Speaking of this, we might as well ponder, when we see a product, what do we base its valuation on? It's actually the brand. For instance, a popsicle, if it has the Häagen-Dazs label, I automatically think it should be priced between 20-40 yuan; whereas another popsicle with the Menglong label, I think it should be around 10 yuan. To be honest, I can't really tell the difference between Häagen-Dazs and Menglong, at least not enough to justify the several times higher price of Häagen-Dazs over Menglong. If you were to eat the ice cream without the labels, you probably wouldn't be able to distinguish between them, but their price difference can be so significant.
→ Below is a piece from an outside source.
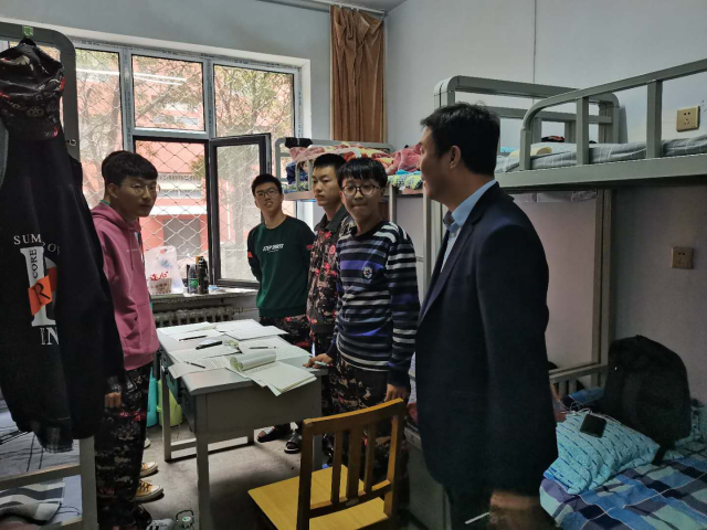 在学生宿舍,各位领导仔细查看了宿舍的环境设施,认真询问了同学们的家庭情况和目前在校的生活情况,并叮嘱新生之间要加强交流,互相帮助,尽快适应大学生活环境,尽早对未来四年的大学生活做好规划。看到同学们在撰写安全教育学习心得体会,葛振斌书记再次强调大家要在消防安全、电信诈骗等方面树立高度的警觉性,要牢记冯锋校长开学典礼上的讲话:“不要让抖音抖掉了青春,不要让网络游戏游戏了自己,更不要让‘校园贷’带走了未来”。葛书记还强调宿舍是大家四年生活的地方,要注意宿舍文化建设,可以适当地对宿舍进行一些软装饰,过得“讲究一点”。宋晓霞院长与同学们亲切交流,询问了同学们在计算机方面的兴趣、对计算机专业的了解程度及对未来的规划。当看到宿舍同学围在桌前学习英语,为英语四六级和考研做准备时,她对同学们的学习精神高度赞扬,并叮嘱同学们要牢记弓永华书记为新生讲思政第一课时提到的“六个心”,保持敬畏、心怀感恩、树立自信、勇担责任、潜心求学、积极进取,在勤奋读书的同时增长实干技能,全面发展争做时代新青年。
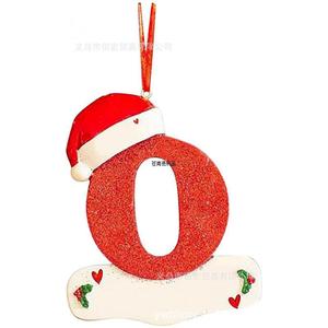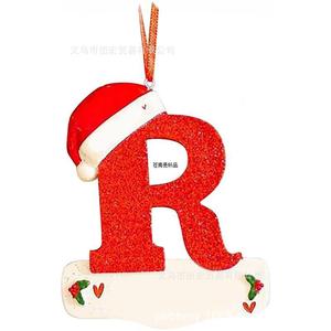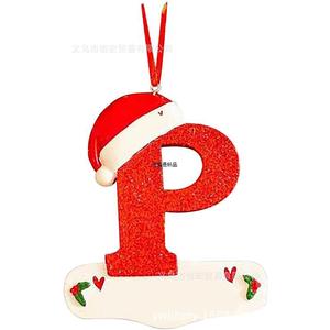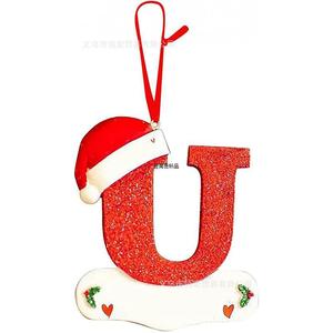 圣诞首字母带红帽字母装饰,DIY 圣诞树悬挂装饰个性化吊坠礼品

Therefore, the potential space of a business model actually lies in how high the brand can be elevated, so that consumers are willing to pay for it.
Speaking of this, let's reflect on the role that Ole played in the quality assurance of the fruits mentioned earlier.
Ole, Sam's Club, Yonghui, and Hema are all channel brands. They do not produce fruits, meats, or other goods, but they screen many products on the market, and the selected products generally have quality assurance. Once their channel brand starts to enter the hearts of consumers, they will further upgrade and establish their own channel brands to extend upstream, thereby obtaining greater benefits.